Осенняя рапсодия | Страница: 40

  • Georgia
  • Verdana
  • Tahoma
  • Symbol
  • Arial
16
px

Ира подскочила со стула, нервно сплела пальцы рук, подвигала плечами туда-сюда, будто пытаясь освободиться от свалившегося на них груза дочерних проблем. Одета она была, наверное, модно и со вкусом. По крайней мере, так Насте казалось. Мать всегда следила за модными новинками, пытаясь не отстать от веяний авангарда, порой даже очень странных. Сегодня, например, на талии у нее красовался ужасно потертый кожаный пояс непонятного болотного цвета. Наверное, что-то из области винтажа, ныне принятого за основу женского гардероба. И юбка была шелковая, блестящая, тоже болотная, со смешной расфуфырой сбоку, которая все норовила выпрыгнуть из юбочной складки и заполошно металась при ходьбе. Настя сидела на диване, сложив руки на коленях, вяло провожала взглядом эту расфуфыру, прыгающую вслед за матерью от двери к окну, от окна к обеденному столу и снова к двери. Все было как обычно в их отношениях. Настя слушала, мать говорила. Настя никогда с матерью в спор не вступала. Зачем? Говорят, молчание – знак согласия. Именно, что знак. Пусть основной спорщик этим знаком и удовольствуется. А молчаливый и соглашающийся – понятия хоть и совместимые, но не обязательно совпадающие.
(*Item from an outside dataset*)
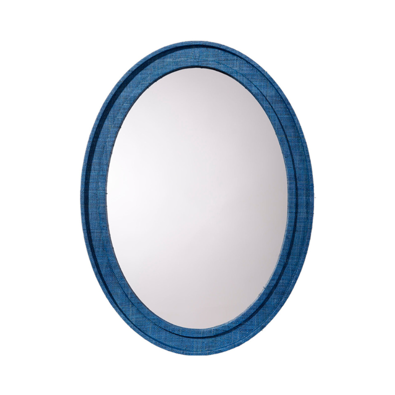 Richly textured with a frame of tightly woven natural raffia, our Pacific Oval Mirror brings light, movement, and warmth to any space. Its soft, organic texture makes it perfect for enhancing bedrooms, bathrooms or entryways. Available in a rich blue and a natural color, these mirrors offer versatile options to suit every design need. Each piece is expertly crafted, with attention to detail extending to their fully finished backs for a polished look from every angle.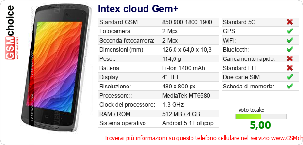 Dati del telefono cellulare Intex cloud Gem+ sul tuo sito

– Чего ты молчишь, Насть? Давай, говорю, попытаемся ситуацию по полочкам разложить? – резко развернулась к дочери Ира, проходя мимо дивана. Юбочная расфуфыра отлетела на повороте, ласково и мягко шлепнула Настю по коленке.

– Давай… – подняла она к матери бледное лицо.

– Ну вот сама рассуди, Настенька, – выставила вперед узкую ладонь Ира, – ты же определенно не справишься с такой нагрузкой, даже физически не справишься! Это же ответственность, это работа, это долг, в конце концов! Ты даже с Лизой уже не справляешься, а ведь я тебя предупреждала…

– Почему это я с Лизой не справляюсь? Ты что говоришь, мам? – тихо, но обиженно проговорила Настя.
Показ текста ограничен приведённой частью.